* Activity
Output the lines from the top of the entries below to the line with "Moderno e divertente", both included, exactly and without pictures.

* Extracted entries
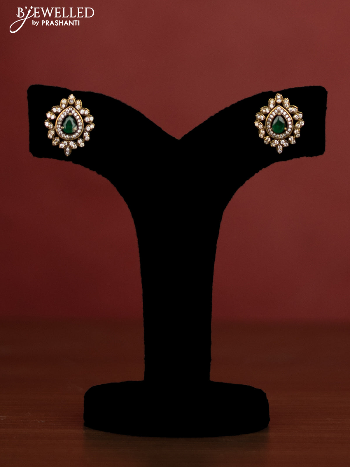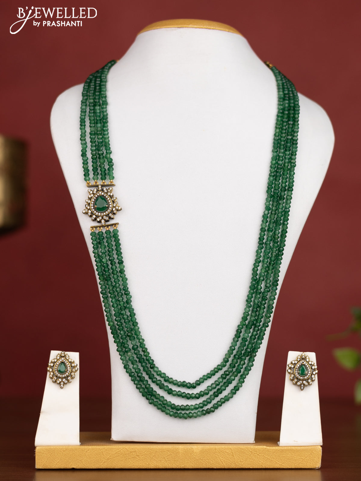 Beaded multilayer green necklace side pendant with emerald & cz stones
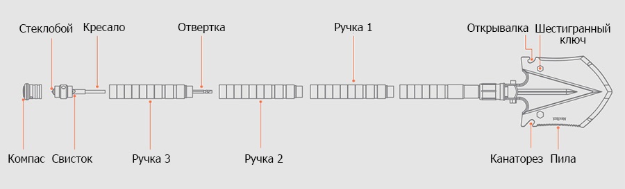 Лопата имеет множество полезных функций, которые помогут в самых разных ситуациях: стеклобой, свисток, отвертка, кресало, шестигранник, канатный нож, пила, лопата, компас и другие.
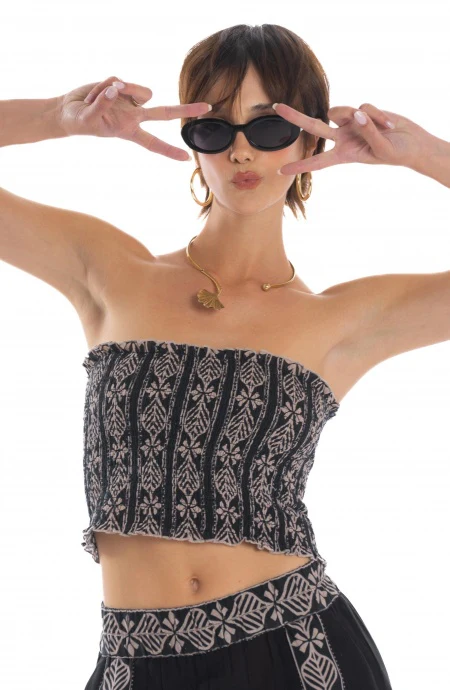 Moderno e divertente il crop top elasticizzato in leggero cotone indiano stampato. Facile da indossare, abbinabile ai pantaloni della stessa serie o shorts di jeans per un look moderno ed estivo.
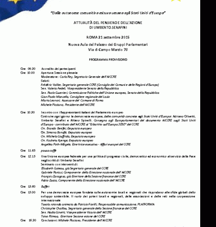 Tema della giornata che prevede diversi interventi sarà: “Dalle autonome comunità a misura umana agli Stati Uniti d’Europa”. Attualità del pensiero e dell’azione di Umberto Serafini. L’AICCRE ha fortemente voluto questa iniziativa per ricordare Umberto Serafini (1916-2005), il cui solido pensiero federalista che ha accompagnato le sue battaglie politiche di mezzo secolo è stato colpevolmente dimenticato dal mondo della cultura e delle politica. Serafini costituì nel 1950 il Consiglio dei Comuni (poi anche delle Regioni) d’Europa e la sezione italiana (AICCRE) alla quale dedicò le sue energie per tutta la vita. Umberto è stato un alfiere fondamentale ispiratore e realizzatore del contributo sempre più rilevante portato dagli enti locali e regionali alla costruzione di un’Europa unita e federale e contribuì, insieme ad Altiero Spinelli ed Alexandre Marc, a guidare quel “fronte democratico europeo” che si batté duramente e con successo nella lotta per l’elezione popolare diretta del Parlamento europeo.
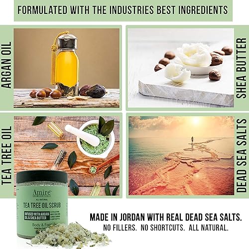 DEEP CLEANSING & EXFOLIATING: Made using a blend of Tea Tree Oil, Dead Sea Salt Minerals, and other natural ingredients, Amire body and foot exfoliator scrubs provide deep and powerful cleansing while being gentle on your skin to remove dead skin cells to reveal smooth, supple skin
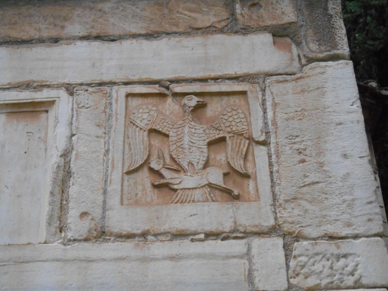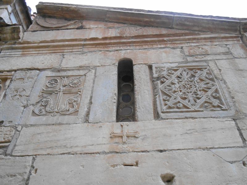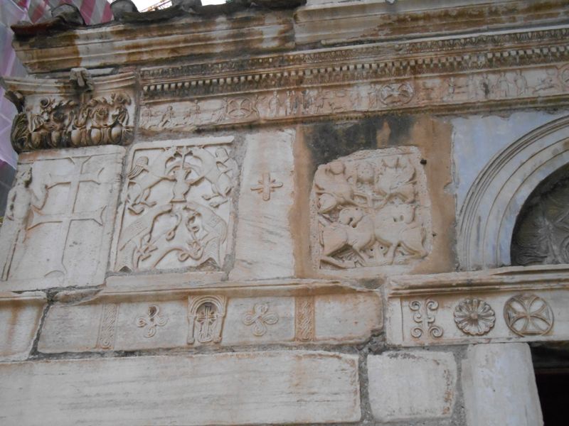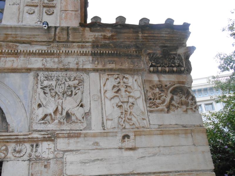 Right outside the cathedral was a small church, Agios Eleftherios[*]. It is very interesting to look at. It has several different carvings around the outside, no two alike. There was a service going on, so I didn't get any interior pictures

* Answer below
 Beaded multilayer green necklace side pendant with emerald & cz stones
 Лопата имеет множество полезных функций, которые помогут в самых разных ситуациях: стеклобой, свисток, отвертка, кресало, шестигранник, канатный нож, пила, лопата, компас и другие.
 Moderno e divertente il crop top elasticizzato in leggero cotone indiano stampato. Facile da indossare, abbinabile ai pantaloni della stessa serie o shorts di jeans per un look moderno ed estivo.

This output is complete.